See that $\mathcal{R}(\boldsymbol{B}) \subset \mathcal{R}(\boldsymbol{A})$ and $\mathcal{C}(\boldsymbol{C}) \subset \mathcal{C}(\boldsymbol{A})$ (they are actually equal). The predicted values for the response variable are

$$\hat{\boldsymbol{y}} =\boldsymbol{X}(\boldsymbol{X}’\boldsymbol{X})^- \boldsymbol{X}’\boldsymbol{y} = \boldsymbol{BA}^- \boldsymbol{Cy}$$

This means that when $\boldsymbol{X}’\boldsymbol{X}$ is rank-deficient, although there’s infinitely number of choices for the generalized inverse, the result of $\boldsymbol{X}(\boldsymbol{X}’\boldsymbol{X})^- \boldsymbol{X}’$ is invariant.
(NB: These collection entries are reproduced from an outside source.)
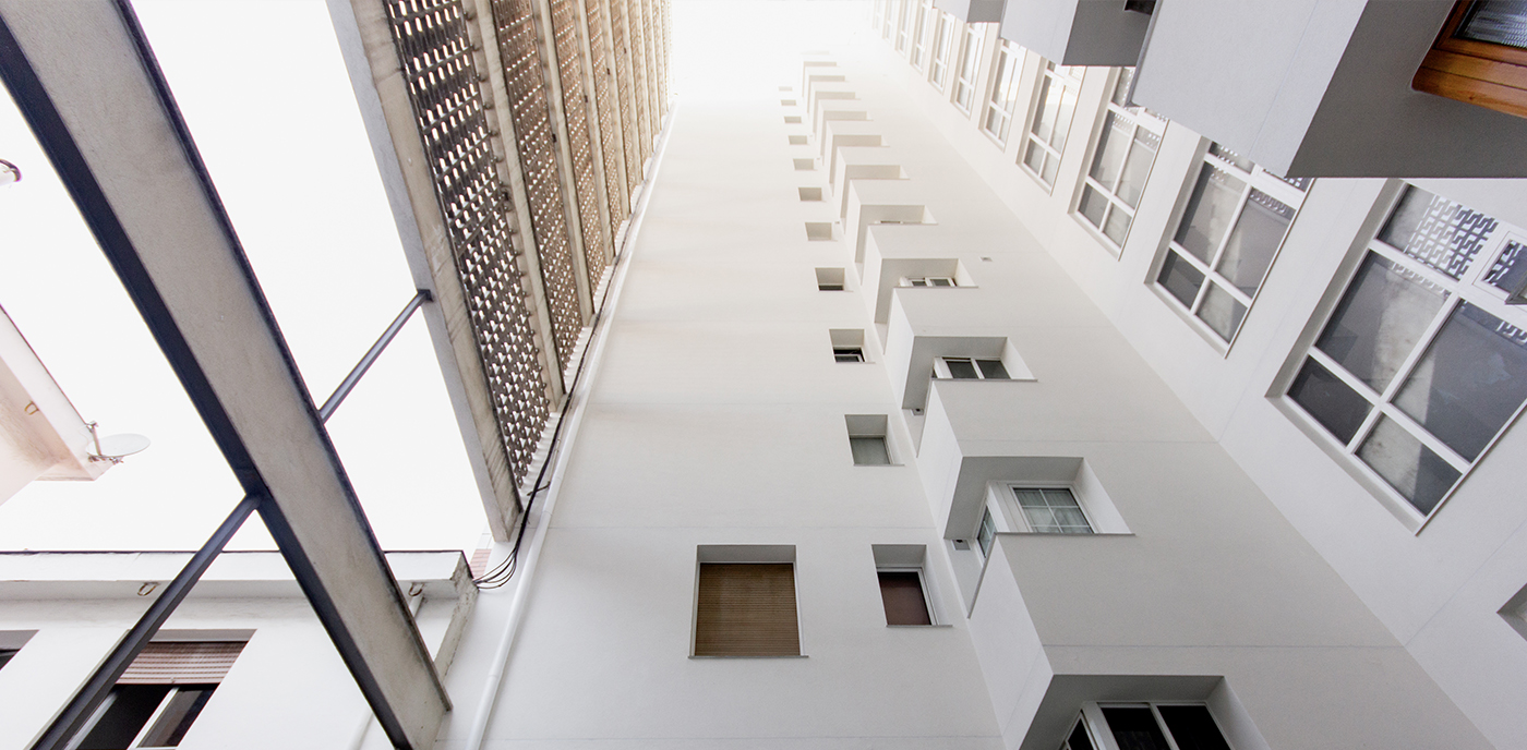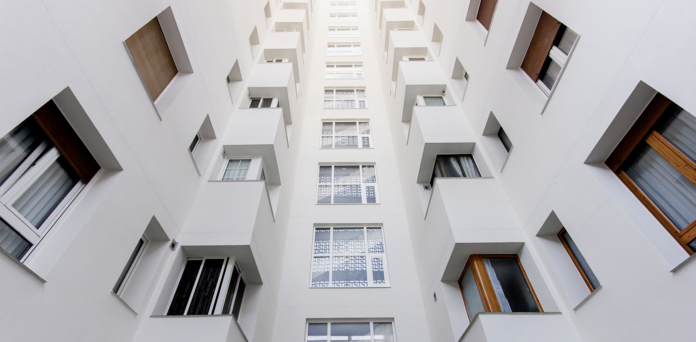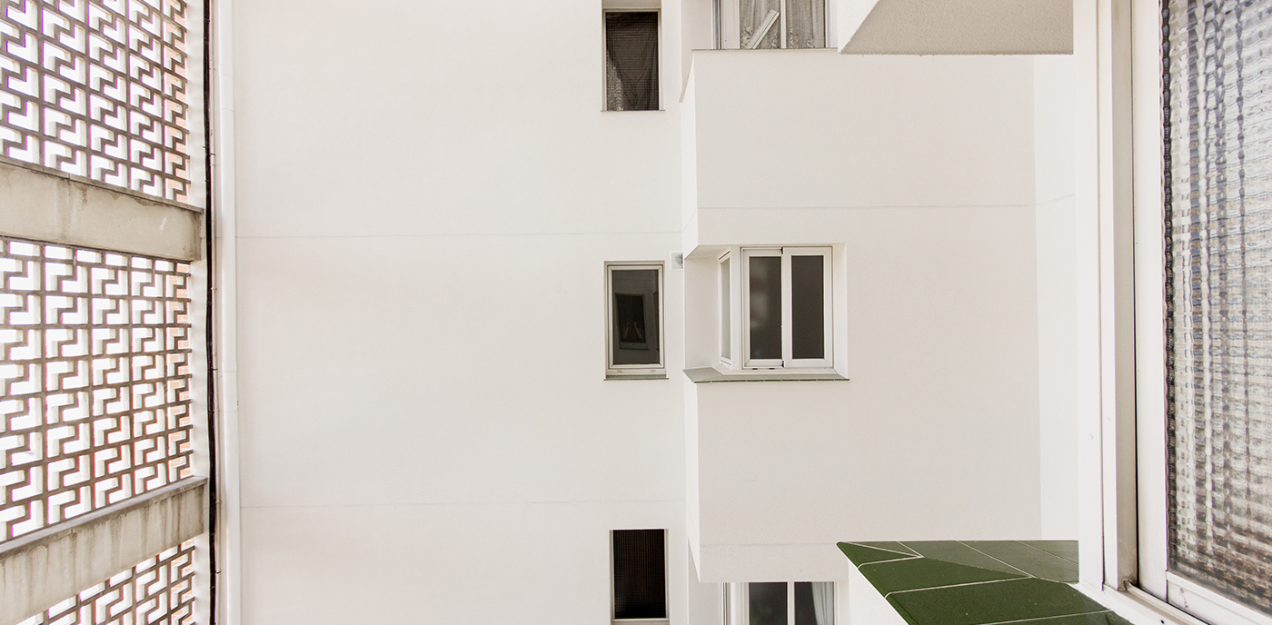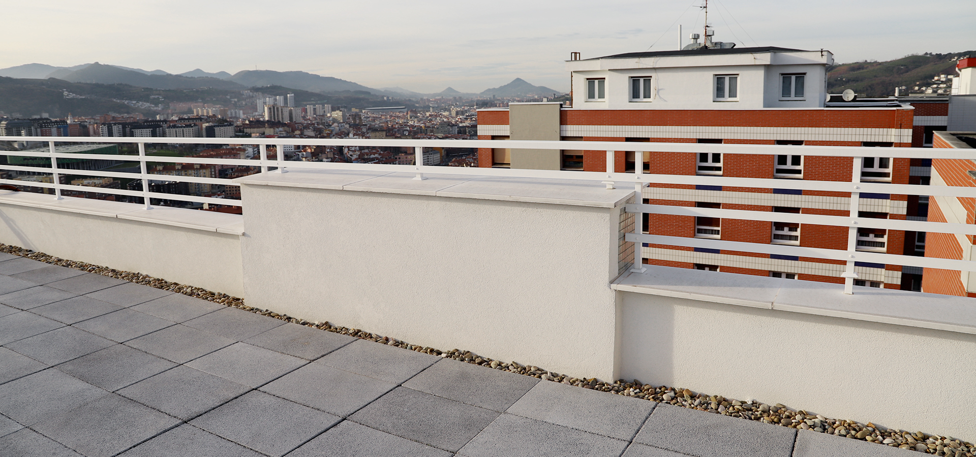 Proyecto de ejecución, dirección de obra y coordinación de seguridad y salud para la rehabilitación energética de las fachadas de los patios interiores del inmueble situado en Santutxu 28, originalmente terminadas en enfoscado y pintura, mediante instalación de fachada SATE, así como rehabilitación de la azotea, sustituyendo embaldosado cerámico por losa filtrante con aislamiento incorporado. Se renuevan también las ventanas del núcleo de comunicaciones y se instalan barandillas, escalera y línea de vida para labores de mantenimiento en la azotea.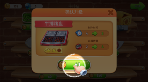 获得一定金币后可以升级厨房,提高厨房用品的制作时间以及容量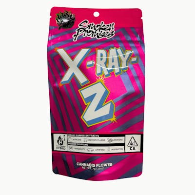Smoken Promises X Ray Z is a premium HYBRID quarter 7g at Vibe Cannabis bringing clear headed calm happy lift relaxed body comfort and a functional HYBRID finish for daytime hangs or after hours.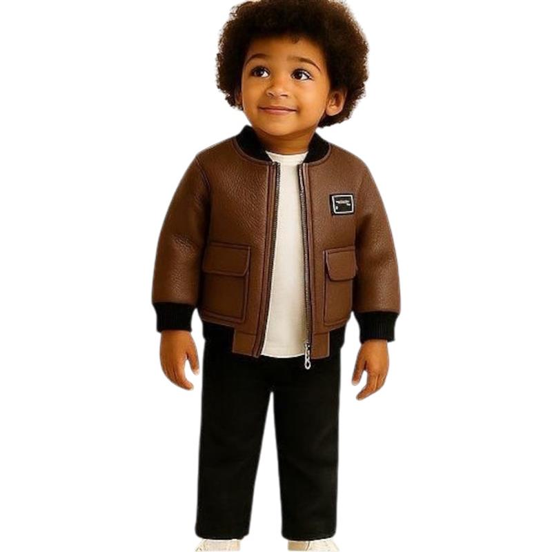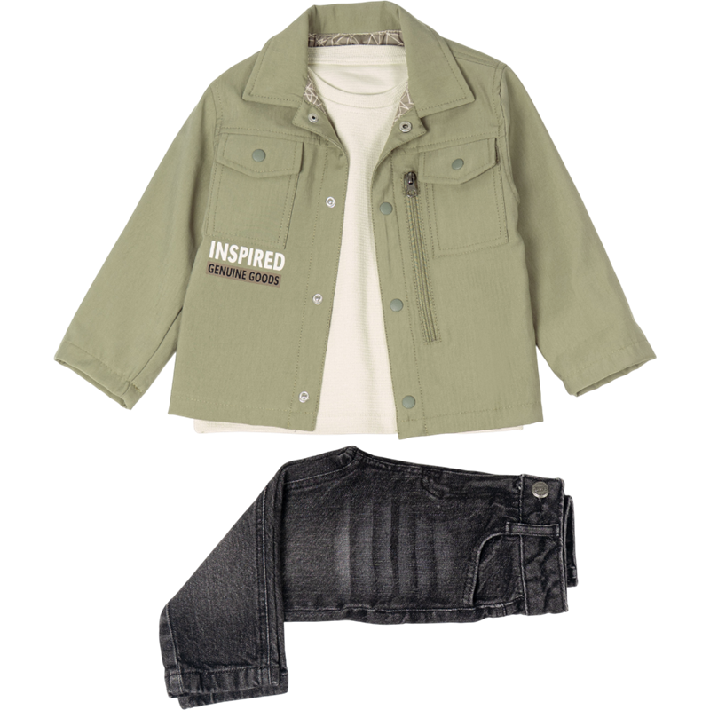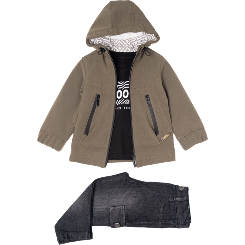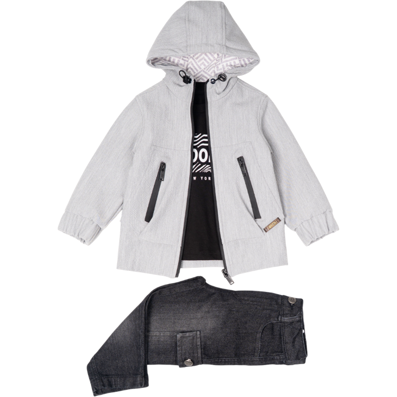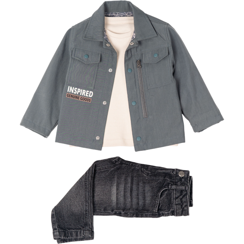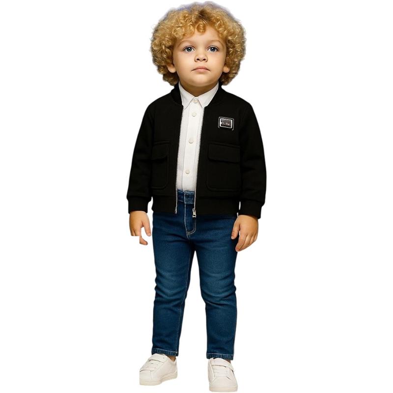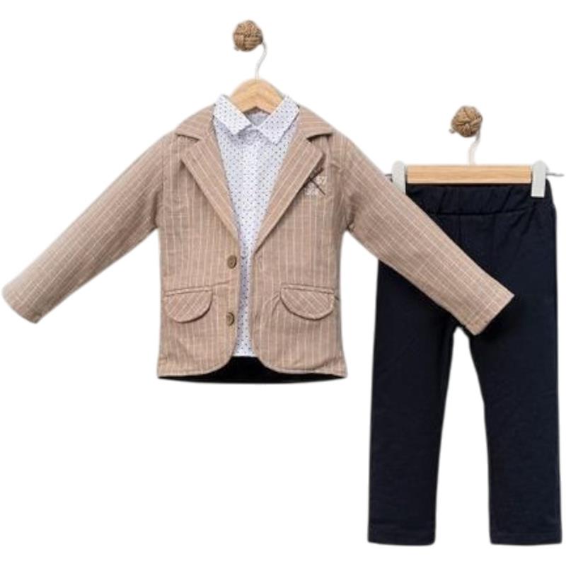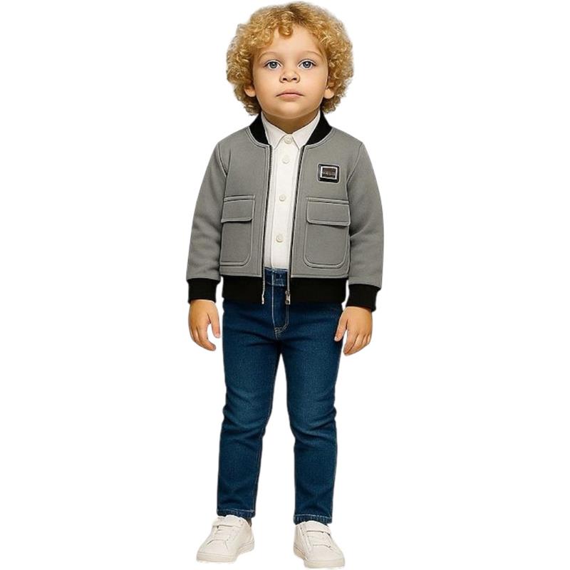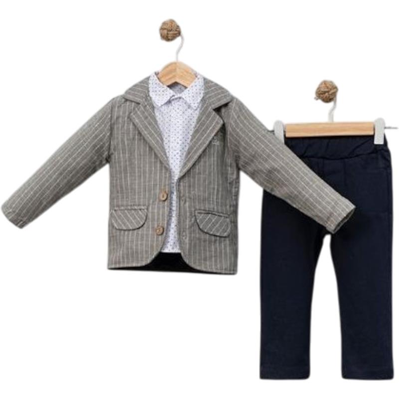 26109 toptan 2/5 yaş arası erkek çocuklar için ceketli ve kot pantolonlu üç parçalı mevsimlik takım elbise

• If $\boldsymbol{A}$ has full row rank $m$, then $\boldsymbol{A}’(\boldsymbol{AA}’)^{-1}$ is a right inverse.

If $r(\boldsymbol{A}) = n$, then $(\boldsymbol{A}’\boldsymbol{A})^{-1}$ is a left inverse.

• $\boldsymbol{A}’(\boldsymbol{AA}’)^-$ is a generalized inverse of $\boldsymbol{A}$, and so is $(\boldsymbol{A}’\boldsymbol{A})^- \boldsymbol{A}’$.

To show that a matrix $\boldsymbol{A}$ is the generalized inverse of some other matrix $\boldsymbol{B}$, the only way is to show $\boldsymbol{ABA} = \boldsymbol{A}$. In this case, we need to show $\boldsymbol{A} \boldsymbol{A}’(\boldsymbol{AA}’)^- \boldsymbol{A} = \boldsymbol{A}$.

Note the fact that $(\boldsymbol{AA}’)^-$ is the generalized inverse of $\boldsymbol{AA}’$, so

$$(\boldsymbol{AA}’) (\boldsymbol{AA}’)^- (\boldsymbol{AA}’) = \boldsymbol{AA}'$$

Recall that $\boldsymbol{BAA}’ = \boldsymbol{CAA}’ \Longleftrightarrow \boldsymbol{BA} = \boldsymbol{CA}$, so if we set $\boldsymbol{B} = \boldsymbol{AA}’(\boldsymbol{AA}’)^-$ and $\boldsymbol{C} = \boldsymbol{I}$, we can use this fact to get the equation that we want to prove.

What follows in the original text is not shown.